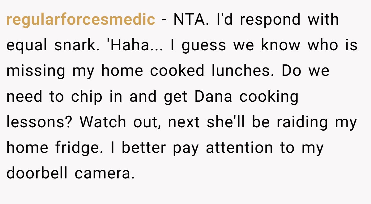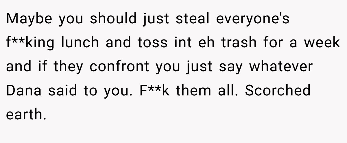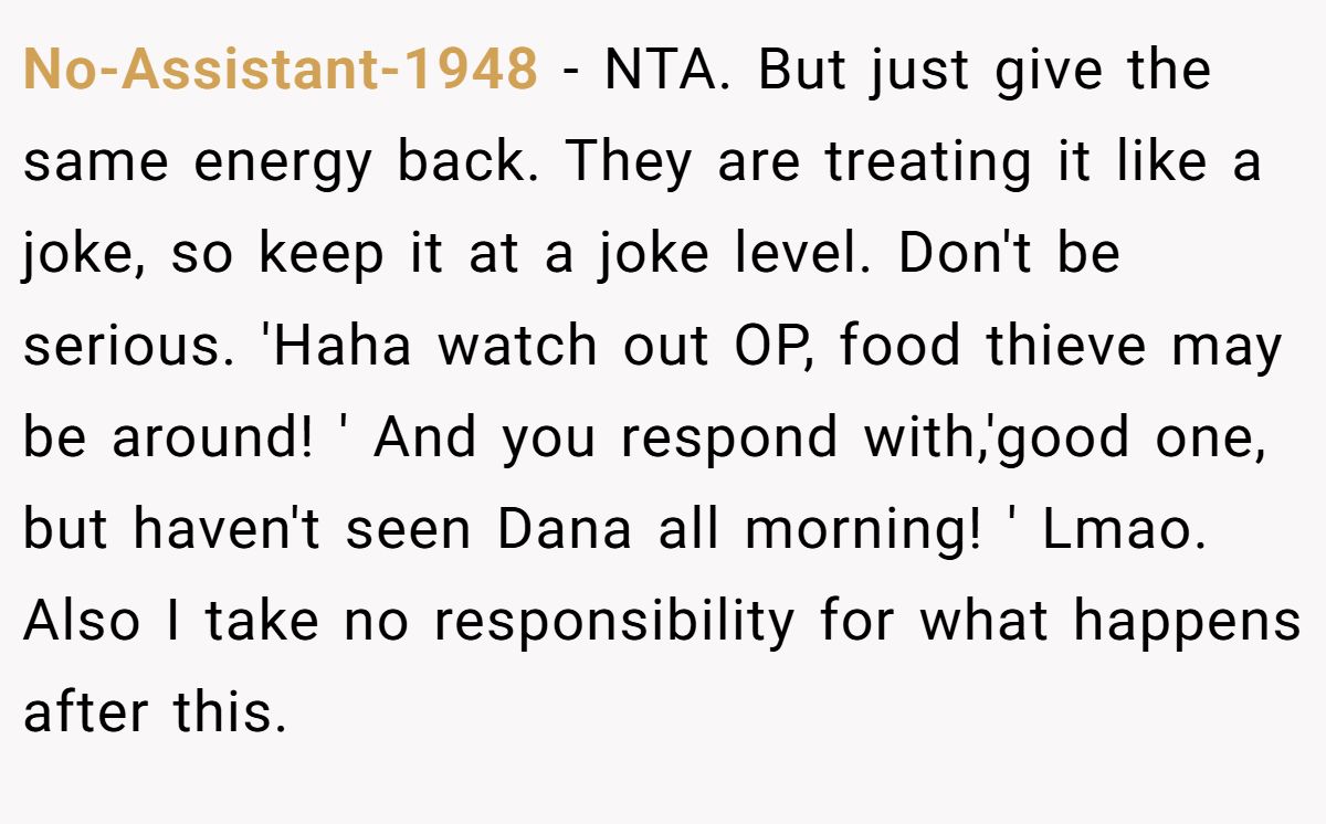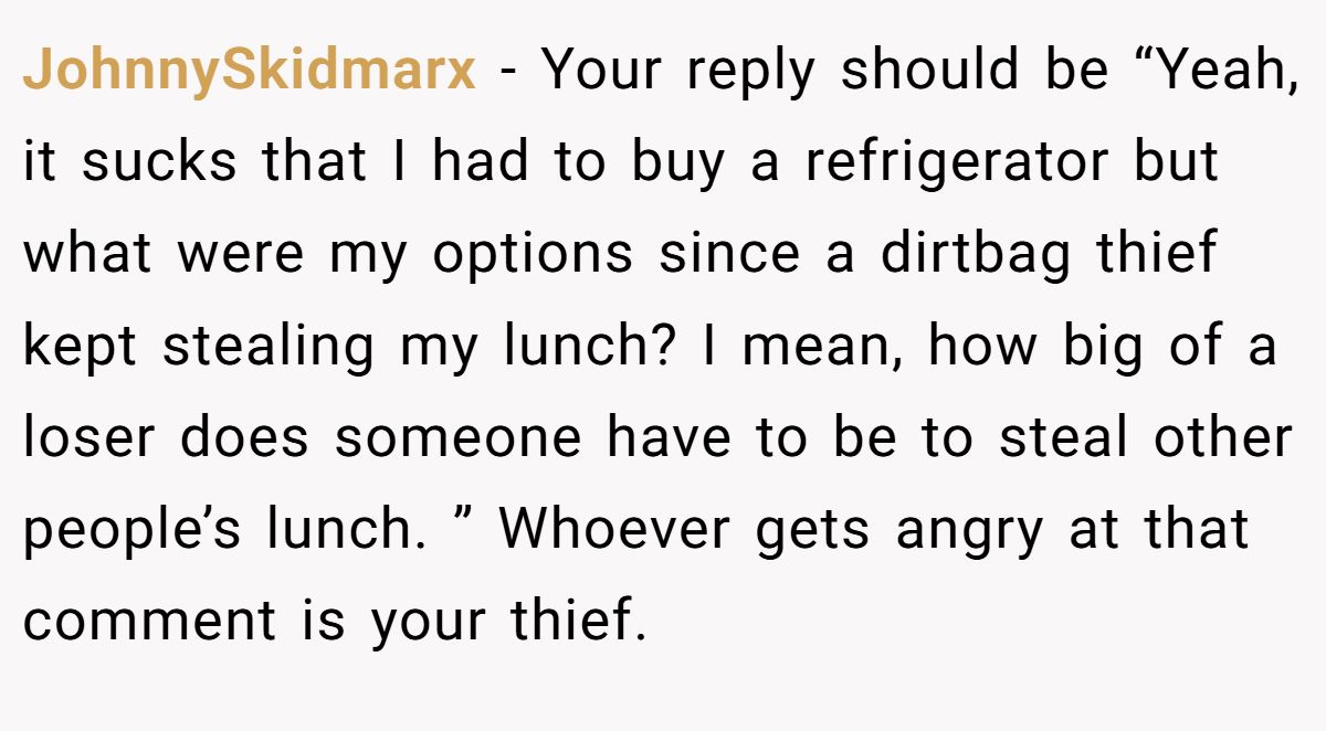 Dana’s comments and the group’s teasing suggest a clique-y dynamic, where conformity trumps fairness. The Redditor’s lock isn’t just about lunch—it’s about asserting control in an environment where his boundaries were ignored. Neutral advice? Keep the fridge, ignore the snark, and consider a polite chat with the boss about workplace respect. If Dana’s the thief, her discomfort speaks volumes. What do you think—is he justified, or did he stir the pot too much?
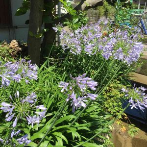 アガパンサス属 アガパンサス🌱 お母ちゃんがまだ存命の頃、お母ちゃんちから株分けしてくれた子をうちに持ってきて植えてくれた花。 お母ちゃん、ちゃんと今年も綺麗に咲いてくれたよ~😊🎶 どんどん殖えてぎゅうぎゅうになっているので花数が少なくなってきました。今年は秋になったら株分けをして植え直さないとなぁ😅💦大作業は思うばかりでなかなか作業する時間と気力がないこの頃ですけど(ヽ´ω`)トホホ・・頑張ります😁💦 ☀30℃/21℃💎💎💎💎
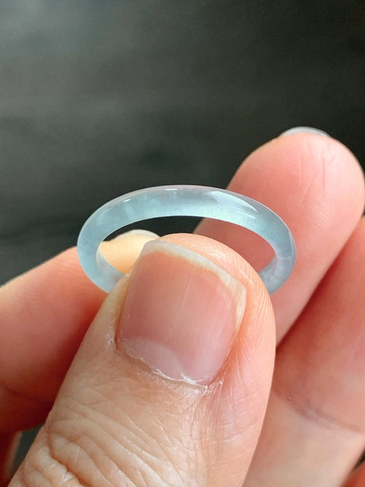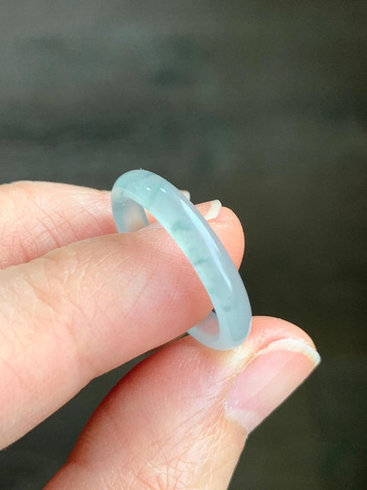 Natural Grade A Guatemalan Icy Highly Translucent Pastel Teal Green Jadeite Band Ring Size 7.75 US 天然冰危起光浅绿翡翠戒圈 QLW180A
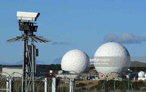 Hệ thống camera an ninh phía trên các vòm radar của căn cứ không quân Anh ở Menwith Hill tại Yorkshire miền bắc nước Anh.
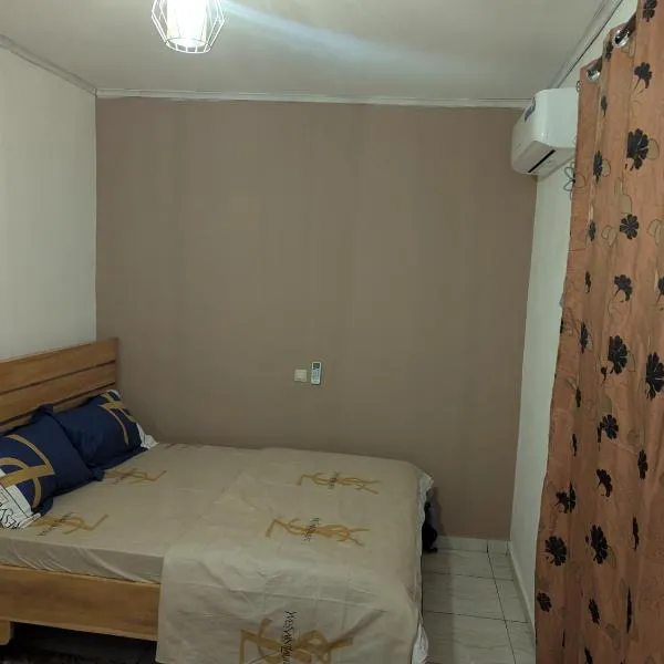 NINJA HOUSE Studio chic Le Turquois Doré位于雅温得,距离奥巴拉火车站仅有47公里,提供花园、露台和礼宾服务。这家空调住宿距离雅温得中央车站有8.7公里,为客人提供免费WiFi,内部提供私人停车位。 这家公寓配有1间卧室、带有线频道的平板电视、带冰箱和微波炉的设施齐全的厨房、洗衣机以及1间带淋浴设施的浴室。1间浴室提供热水浴池、免费洗浴用品、拖鞋和浴袍。
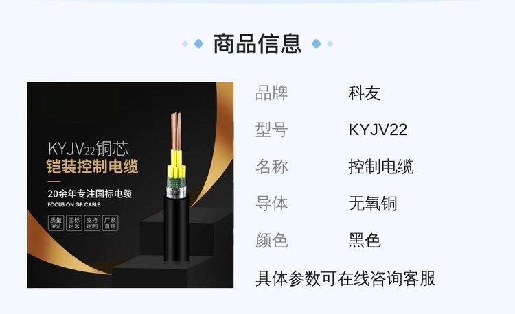 国标KYJV22铠装控制电缆多规格可选偏心率低更安全
☆ ☆ ☆ ☆ ☆ ☆ ☆
Aim of the exercise:
Nothing but the lines from the first line of the data through the line with "アガパンサス属 アガパンサス🌱 お母ちゃんがまだ存命の頃、お母ちゃんちから株分けしてくれた子をうちに持ってきて植えてくれた花。" belongs in the answer, copied exactly and without pictures.

Output for this exercise:
 Dana’s comments and the group’s teasing suggest a clique-y dynamic, where conformity trumps fairness. The Redditor’s lock isn’t just about lunch—it’s about asserting control in an environment where his boundaries were ignored. Neutral advice? Keep the fridge, ignore the snark, and consider a polite chat with the boss about workplace respect. If Dana’s the thief, her discomfort speaks volumes. What do you think—is he justified, or did he stir the pot too much?
 アガパンサス属 アガパンサス🌱 お母ちゃんがまだ存命の頃、お母ちゃんちから株分けしてくれた子をうちに持ってきて植えてくれた花。 お母ちゃん、ちゃんと今年も綺麗に咲いてくれたよ~😊🎶 どんどん殖えてぎゅうぎゅうになっているので花数が少なくなってきました。今年は秋になったら株分けをして植え直さないとなぁ😅💦大作業は思うばかりでなかなか作業する時間と気力がないこの頃ですけど(ヽ´ω`)トホホ・・頑張ります😁💦 ☀30℃/21℃💎💎💎💎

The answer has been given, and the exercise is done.